Colonel Raynal Cawthorne Bolling (1877–1918)
This military aviation pioneer founded the first unit of what would become the Air National Guard and played a central role in the creation of an American flying force during World War I. Bolling was among those who believed that the United States was not adequately prepared militarily in case of conflict. During the summer of 1915, he took flying lessons and attended the first "Business Men's Training Camp," better known as the Plattsburg (NY) Training Camp. His National Guard First Aero Company was mustered into federal service in 1916 and Bolling was made a colonel on August 8, 1917. After heading the Bolling Commission in Europe in the summer of 1917 to study and recommend types of military aircraft to be bought and produced by the U.S., Bolling held various staff positions with the Air Service in France.

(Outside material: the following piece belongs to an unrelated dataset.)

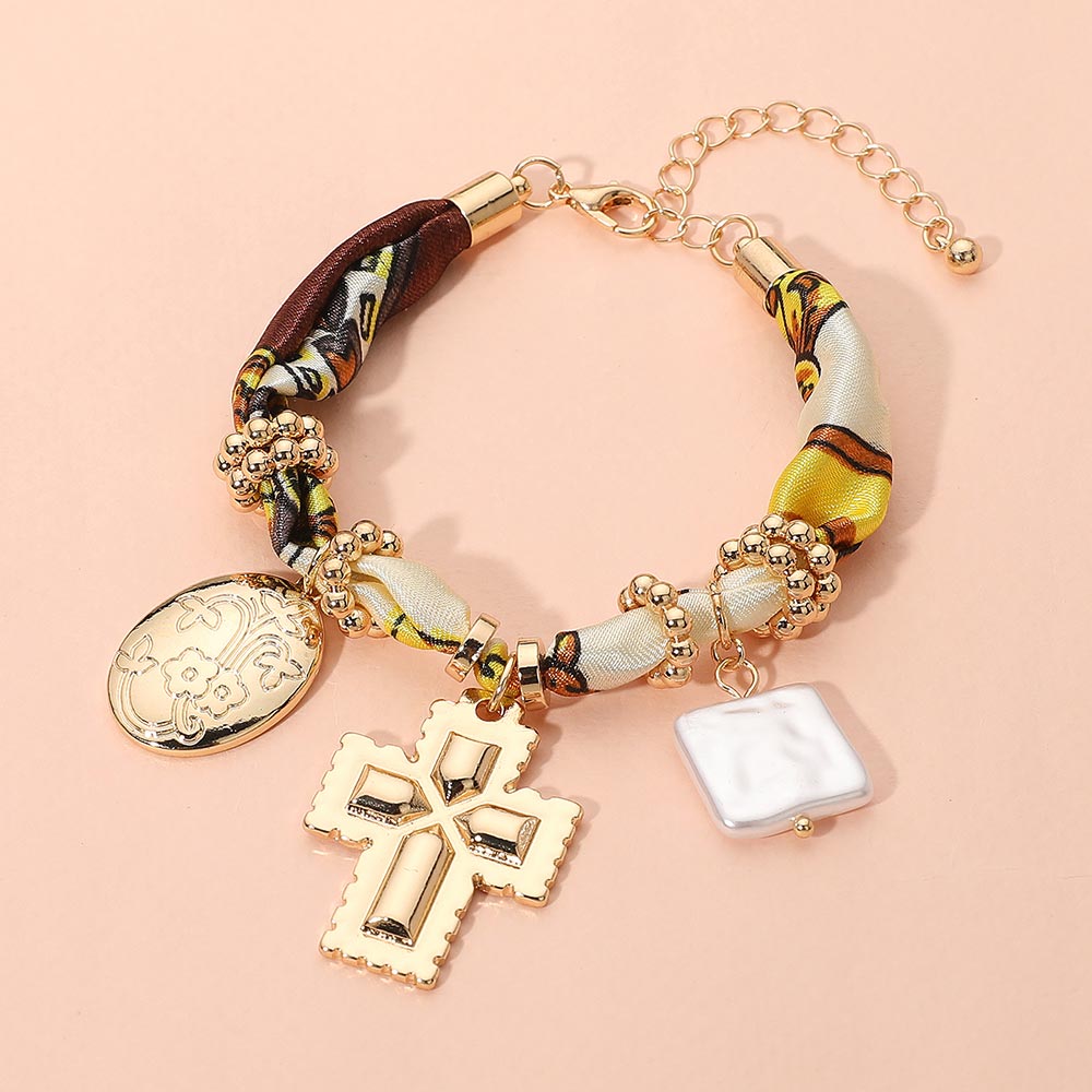 Boho Metal Cross Square Pearl Floral Oval Charm Fabric Bracelet
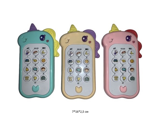 Телефон арт. 335-72 "Единорог" цвета микс муз. на батар. в пак.)

He then sought and was selected for future combat command of the U.S. II Corps when it formed in the spring.
On March 26, 1918, Bolling and his driver were on a scouting trip near Amiens, France. Caught between fast-moving lines, Bolling was killed and his driver wounded by German troops. Bolling, the first high-ranking American officer to perish during the War, was posthumously awarded the Army Distinguished Service Medal and the Legion of Honor. Bolling Air Force Base (now Joint Air Force Base Anacostia-Bolling) was named in his honor.